У В. Иванова нет жуткого чувства наступления новой мировой эпохи, чувства катастрофического. Но все новое он будет приобщать к своему вторичному, филологическому бытию, будет всасывать в себя. Он все будет соединять и примерять, он синкретичен по своему духу, он совсем особый, утонченный тип прогрессивного консерватора. Но он роковым образом остается в оболочках, не доходит до ядра. Все играет в нем, и он играет всем. Игры его -- очень утонченные, очень культурные, прекрасные и пленительные игры. И для России почти роскошь иметь В. Иванова, русские слишком еще мужики для этого.

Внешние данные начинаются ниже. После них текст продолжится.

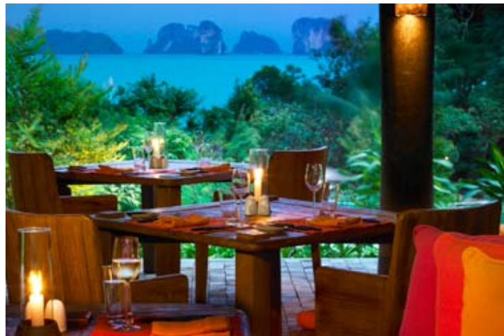
Restaurante The Living Room

Но есть в В. Иванове что-то самое интимное, намекающее на его собственную перво-жизнь, самое подлинное в нем. Я разумею тяготение всего его существа, всего его творчества к религии женственного божества2. Весь творческий облик В. Иванова дает основание предположить, что корни его существа погружены в эту женственную мистическую стихию, что он и творить может лишь через женственное начало, через прививку женственной гениальности. Об этом говорит и очень интересная статья его "О существе трагедии". Его интимное отношение к женственному -- не мужественное отношение, это скорее ощущение женственного в себе -- как своей собственной зыбкой, но все же бытийственной основы. В нем слабо мужественное, антропологическое начало, человеческий дух. Он скорее астрален или эфирен, чем духовен, он весь в игре астрально-эфирных блестящих оболочек. Ему органически чужда проблема человека, его активности, его мужественного творчества. Это -- слишком суровая, слишком ответственная для него проблема. Он написал прекрасную поэму "Человек", но это лишь показатель его синкретизма, его необыкновенной способности все в себя всасывать, на все вибрировать, поистине женственно вибрировать. Но пафос его -- не антропологический пафос. Он слишком пребывает в языческой стихии и языческой культуре, чтобы болеть христианской проблемой человека. В его отношении к жизни, к России есть что-то расслабляюще-языческое. Место В. Иванова в русской культуре и искусстве -- видное и значительное, но в русском религиозном движении он не может занимать самостоятельного места.